From the records below, print only the part that opens with the line containing "- Kompletny zestaw" and closes with the line containing "Viva a história"; omit the pictures.
─── DATA TO PROCESS ───
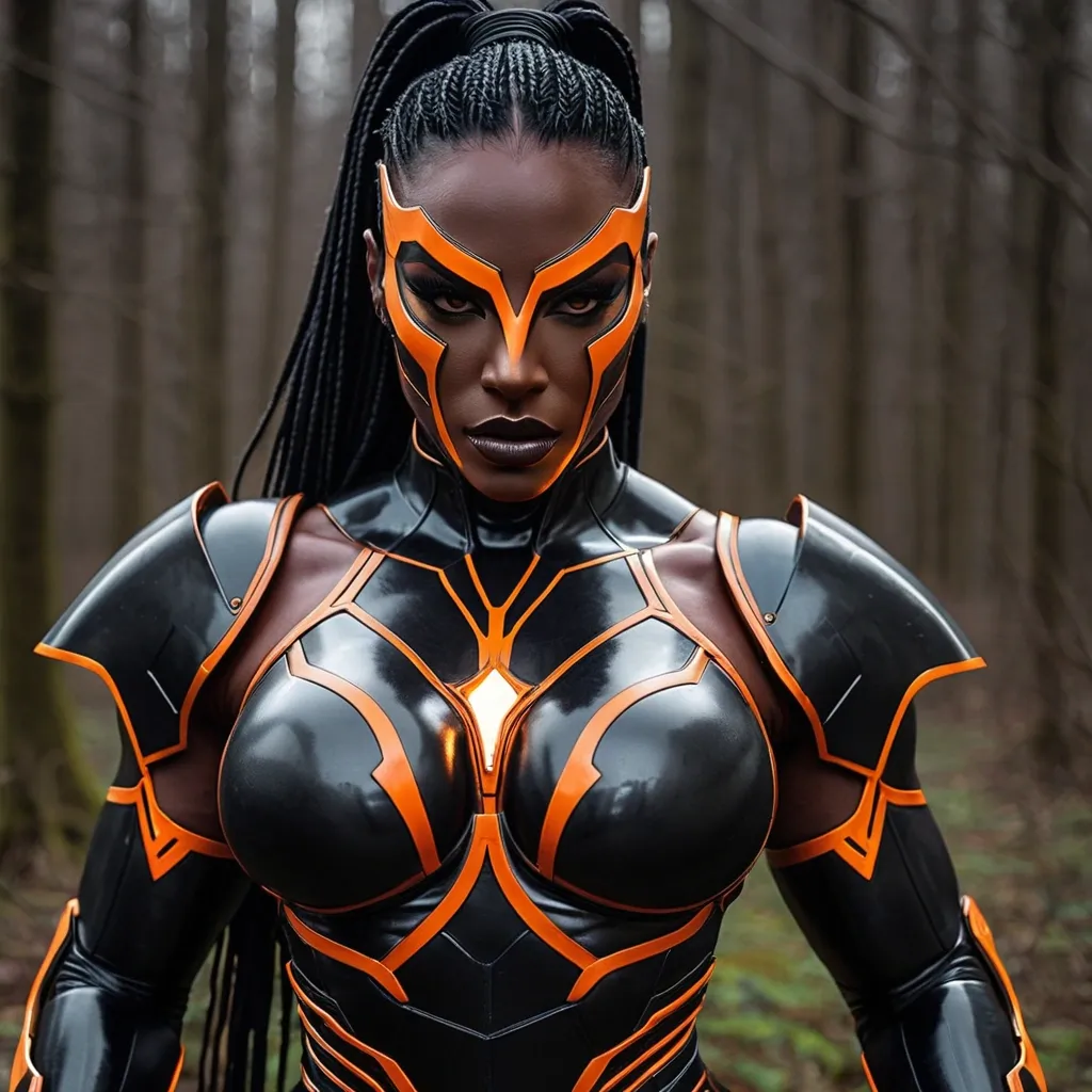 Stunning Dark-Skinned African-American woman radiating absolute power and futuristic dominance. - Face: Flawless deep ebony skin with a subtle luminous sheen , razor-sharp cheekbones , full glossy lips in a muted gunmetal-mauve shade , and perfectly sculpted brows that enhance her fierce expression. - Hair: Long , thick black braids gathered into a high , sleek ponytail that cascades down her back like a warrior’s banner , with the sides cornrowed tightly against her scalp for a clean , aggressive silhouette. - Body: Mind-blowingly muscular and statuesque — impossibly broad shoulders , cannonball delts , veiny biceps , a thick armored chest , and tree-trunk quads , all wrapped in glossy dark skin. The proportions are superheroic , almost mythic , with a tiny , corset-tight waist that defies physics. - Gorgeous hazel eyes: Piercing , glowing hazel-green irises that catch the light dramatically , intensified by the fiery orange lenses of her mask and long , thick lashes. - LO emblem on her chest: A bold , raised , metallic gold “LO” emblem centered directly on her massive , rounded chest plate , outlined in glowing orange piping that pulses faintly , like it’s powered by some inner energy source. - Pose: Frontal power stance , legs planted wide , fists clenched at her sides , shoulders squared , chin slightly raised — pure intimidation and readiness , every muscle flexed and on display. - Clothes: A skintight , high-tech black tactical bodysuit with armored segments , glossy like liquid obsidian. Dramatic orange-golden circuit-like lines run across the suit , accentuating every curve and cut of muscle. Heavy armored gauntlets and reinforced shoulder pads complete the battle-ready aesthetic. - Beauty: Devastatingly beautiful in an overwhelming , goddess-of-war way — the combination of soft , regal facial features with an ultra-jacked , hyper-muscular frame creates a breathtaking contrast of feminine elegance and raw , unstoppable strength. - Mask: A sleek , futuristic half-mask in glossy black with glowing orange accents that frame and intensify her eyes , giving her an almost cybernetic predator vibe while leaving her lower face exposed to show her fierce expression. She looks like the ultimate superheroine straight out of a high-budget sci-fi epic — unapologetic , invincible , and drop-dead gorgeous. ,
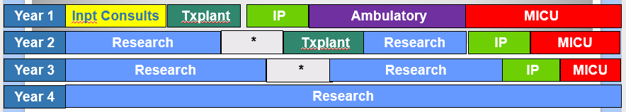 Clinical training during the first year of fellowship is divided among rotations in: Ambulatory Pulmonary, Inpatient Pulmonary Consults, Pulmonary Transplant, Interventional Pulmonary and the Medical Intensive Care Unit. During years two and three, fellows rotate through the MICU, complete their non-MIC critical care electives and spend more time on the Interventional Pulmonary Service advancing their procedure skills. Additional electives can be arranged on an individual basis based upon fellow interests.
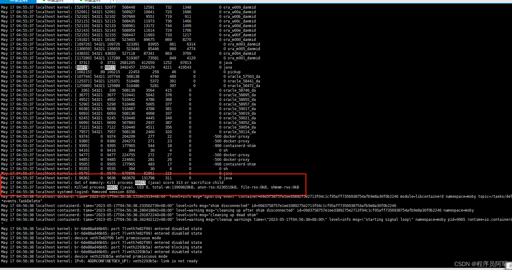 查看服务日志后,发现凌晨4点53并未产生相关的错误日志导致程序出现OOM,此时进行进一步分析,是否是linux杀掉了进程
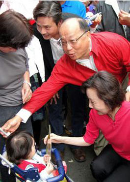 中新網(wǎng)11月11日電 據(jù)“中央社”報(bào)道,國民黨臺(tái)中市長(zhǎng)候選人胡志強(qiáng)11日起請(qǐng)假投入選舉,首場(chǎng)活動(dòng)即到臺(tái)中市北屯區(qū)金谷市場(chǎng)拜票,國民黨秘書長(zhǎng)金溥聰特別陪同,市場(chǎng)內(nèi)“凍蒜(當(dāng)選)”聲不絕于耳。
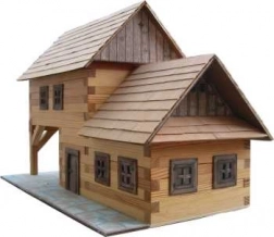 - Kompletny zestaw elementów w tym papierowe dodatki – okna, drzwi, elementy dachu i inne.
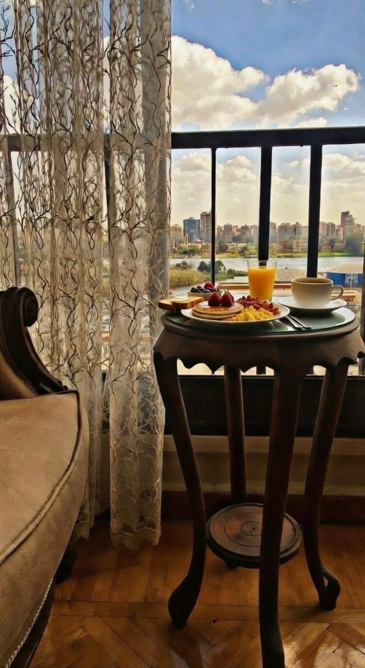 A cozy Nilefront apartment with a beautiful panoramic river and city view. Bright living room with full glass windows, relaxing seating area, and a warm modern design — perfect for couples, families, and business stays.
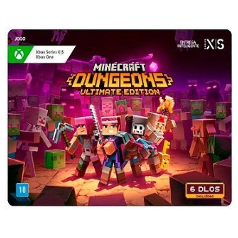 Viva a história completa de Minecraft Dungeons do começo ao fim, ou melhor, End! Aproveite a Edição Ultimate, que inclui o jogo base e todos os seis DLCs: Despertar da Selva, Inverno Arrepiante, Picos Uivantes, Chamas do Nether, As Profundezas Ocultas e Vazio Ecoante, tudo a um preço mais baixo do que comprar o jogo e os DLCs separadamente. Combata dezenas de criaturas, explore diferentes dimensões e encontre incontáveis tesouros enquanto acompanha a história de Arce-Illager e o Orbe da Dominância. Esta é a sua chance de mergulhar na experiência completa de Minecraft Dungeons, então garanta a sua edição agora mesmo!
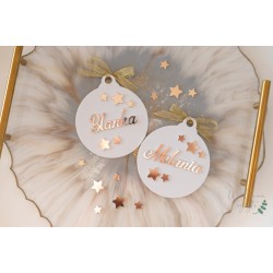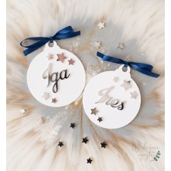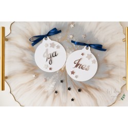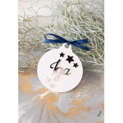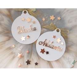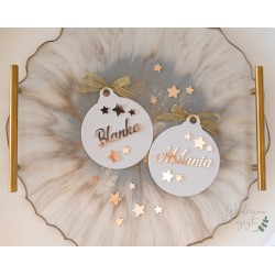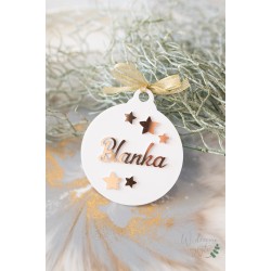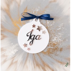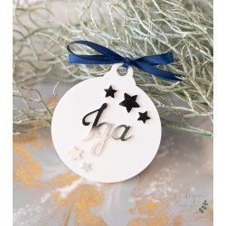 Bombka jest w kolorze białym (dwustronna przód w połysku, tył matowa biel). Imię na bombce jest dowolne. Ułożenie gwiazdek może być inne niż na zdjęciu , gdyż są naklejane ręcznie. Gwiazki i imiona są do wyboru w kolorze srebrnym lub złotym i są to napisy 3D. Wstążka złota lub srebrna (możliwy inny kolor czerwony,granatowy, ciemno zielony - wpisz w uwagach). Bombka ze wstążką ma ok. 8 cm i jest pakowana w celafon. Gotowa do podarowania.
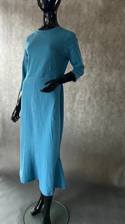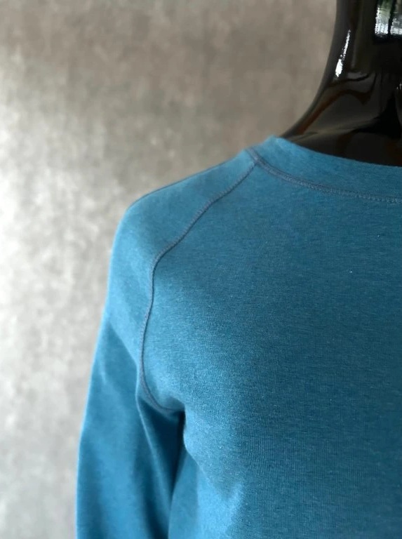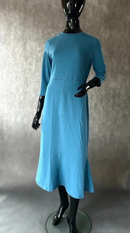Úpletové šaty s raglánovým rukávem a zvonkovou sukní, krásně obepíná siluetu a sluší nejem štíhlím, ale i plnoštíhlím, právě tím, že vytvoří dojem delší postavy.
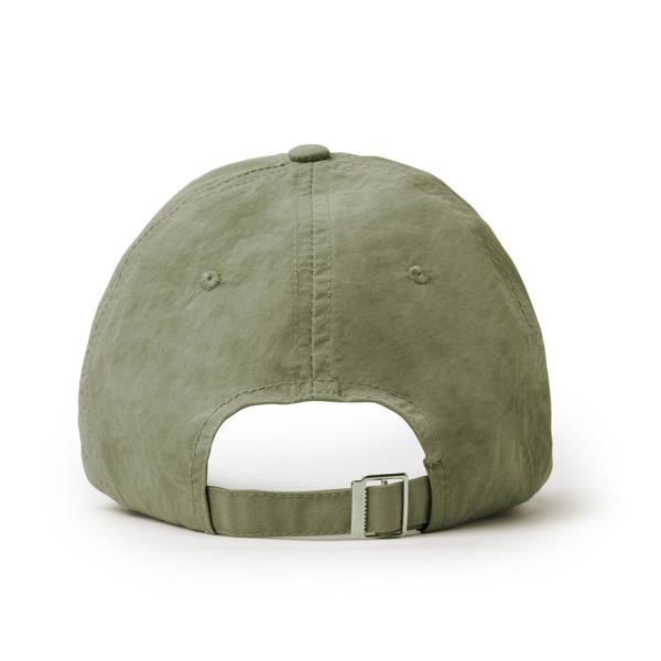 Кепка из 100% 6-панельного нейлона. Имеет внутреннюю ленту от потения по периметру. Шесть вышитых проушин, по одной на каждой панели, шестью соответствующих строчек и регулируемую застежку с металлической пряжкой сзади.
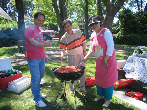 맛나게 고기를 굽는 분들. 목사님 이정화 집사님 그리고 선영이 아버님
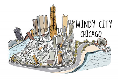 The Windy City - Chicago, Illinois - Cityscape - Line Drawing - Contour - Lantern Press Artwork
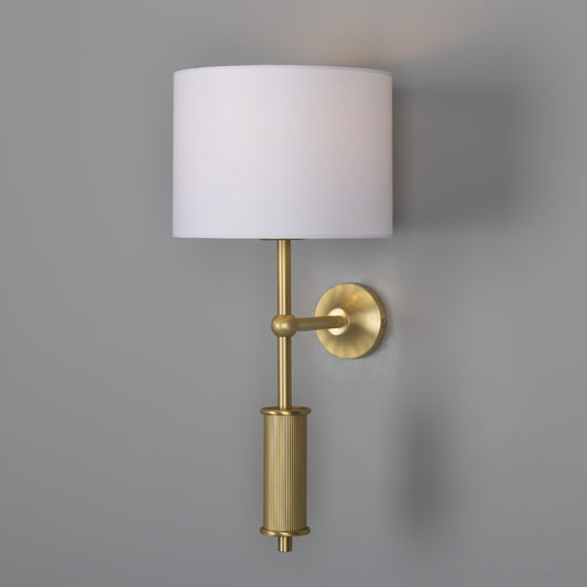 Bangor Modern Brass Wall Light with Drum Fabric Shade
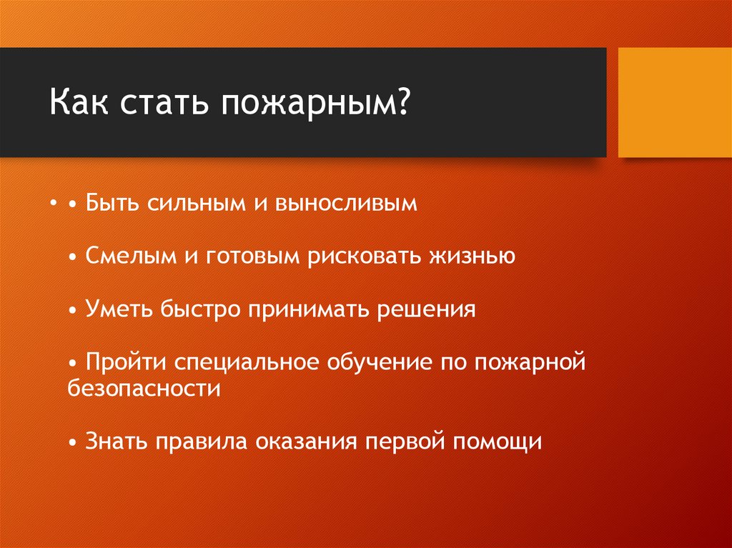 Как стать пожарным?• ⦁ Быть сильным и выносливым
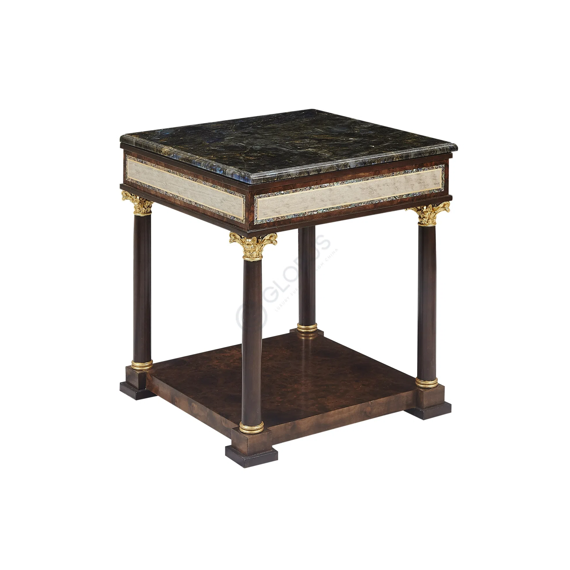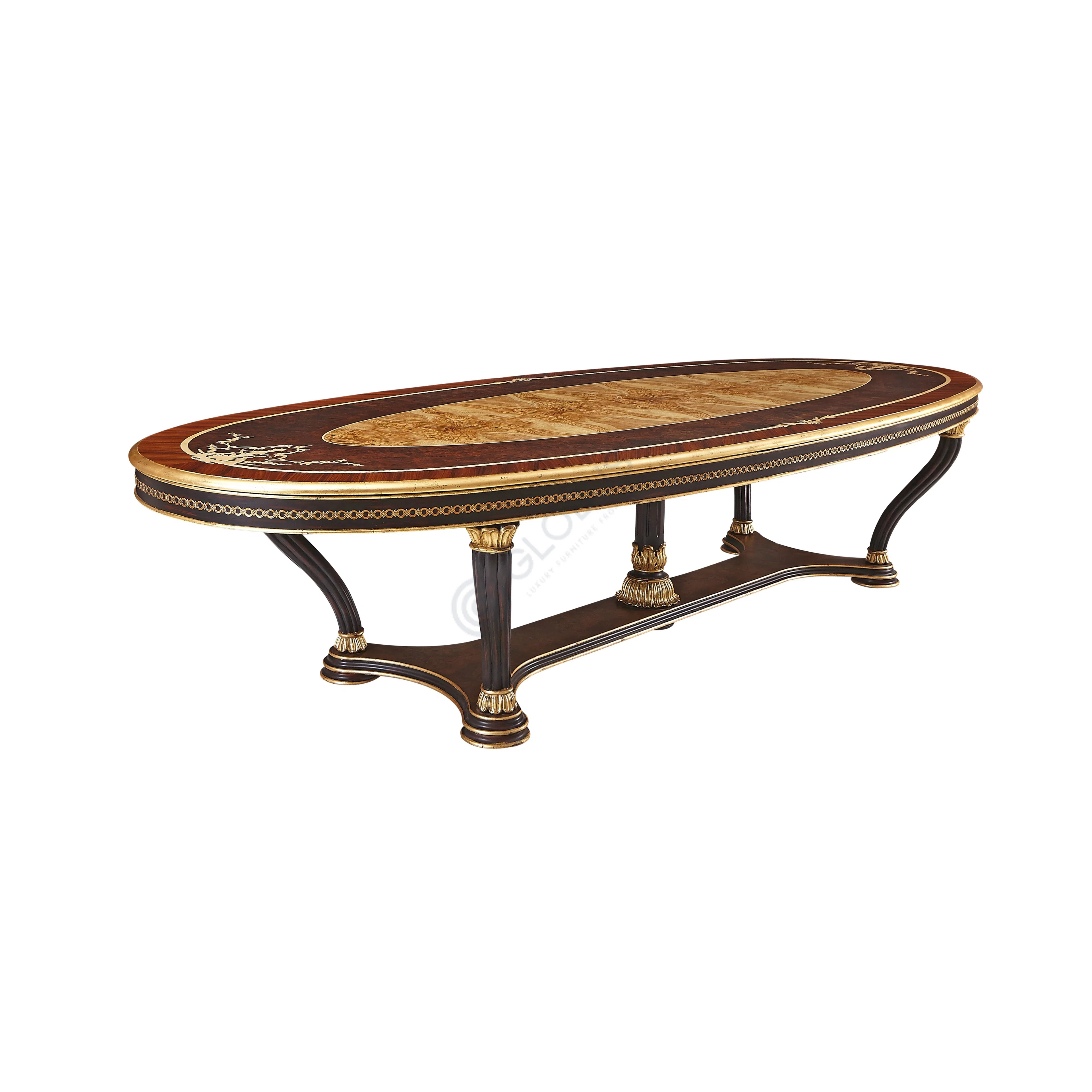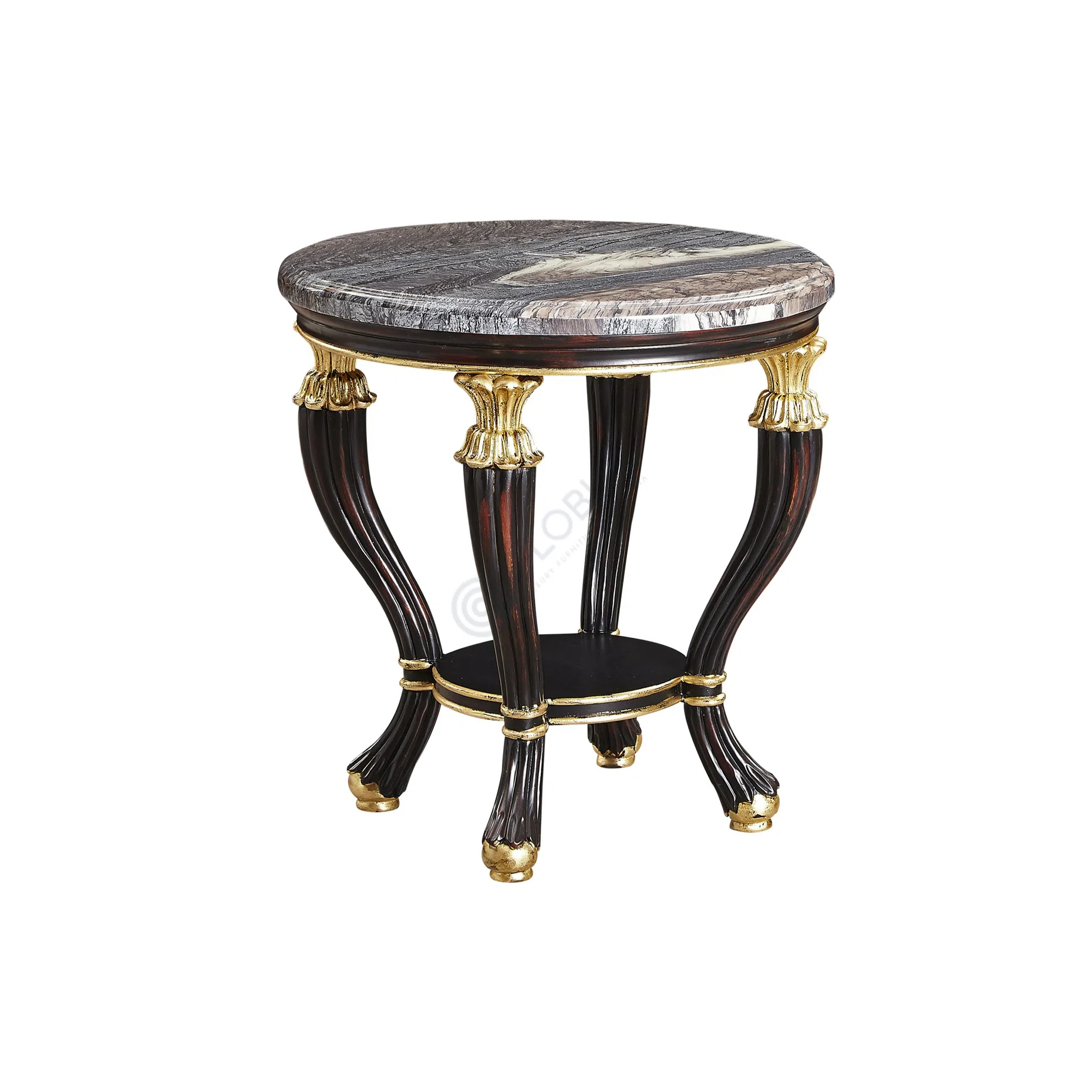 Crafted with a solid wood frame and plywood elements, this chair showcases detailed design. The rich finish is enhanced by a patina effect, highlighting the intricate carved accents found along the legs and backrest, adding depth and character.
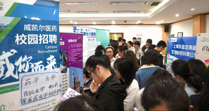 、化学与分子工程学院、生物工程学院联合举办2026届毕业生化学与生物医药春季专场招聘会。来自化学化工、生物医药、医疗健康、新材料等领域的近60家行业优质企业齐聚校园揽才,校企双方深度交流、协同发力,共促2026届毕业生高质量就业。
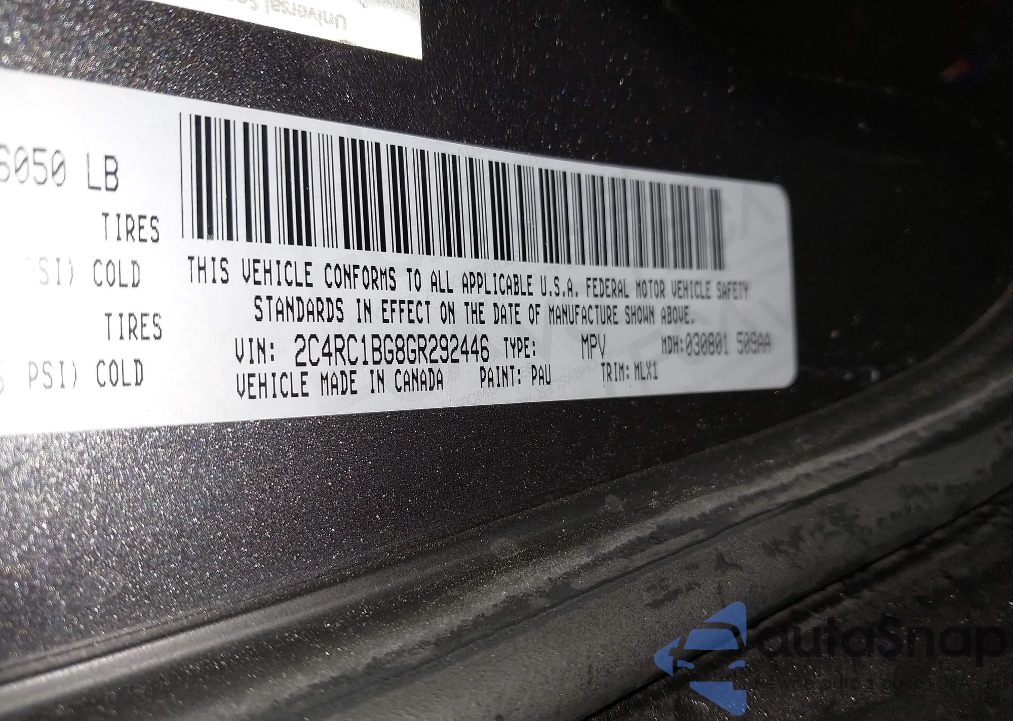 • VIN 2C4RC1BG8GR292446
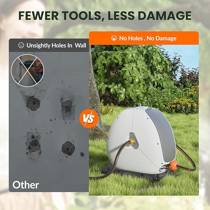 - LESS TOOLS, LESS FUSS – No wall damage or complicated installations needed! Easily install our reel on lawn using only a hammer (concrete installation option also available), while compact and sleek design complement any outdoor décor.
───
> _RESPONSE FOR THIS EXERCISE_:
 - Kompletny zestaw elementów w tym papierowe dodatki – okna, drzwi, elementy dachu i inne.
 A cozy Nilefront apartment with a beautiful panoramic river and city view. Bright living room with full glass windows, relaxing seating area, and a warm modern design — perfect for couples, families, and business stays.
 Viva a história completa de Minecraft Dungeons do começo ao fim, ou melhor, End! Aproveite a Edição Ultimate, que inclui o jogo base e todos os seis DLCs: Despertar da Selva, Inverno Arrepiante, Picos Uivantes, Chamas do Nether, As Profundezas Ocultas e Vazio Ecoante, tudo a um preço mais baixo do que comprar o jogo e os DLCs separadamente. Combata dezenas de criaturas, explore diferentes dimensões e encontre incontáveis tesouros enquanto acompanha a história de Arce-Illager e o Orbe da Dominância. Esta é a sua chance de mergulhar na experiência completa de Minecraft Dungeons, então garanta a sua edição agora mesmo!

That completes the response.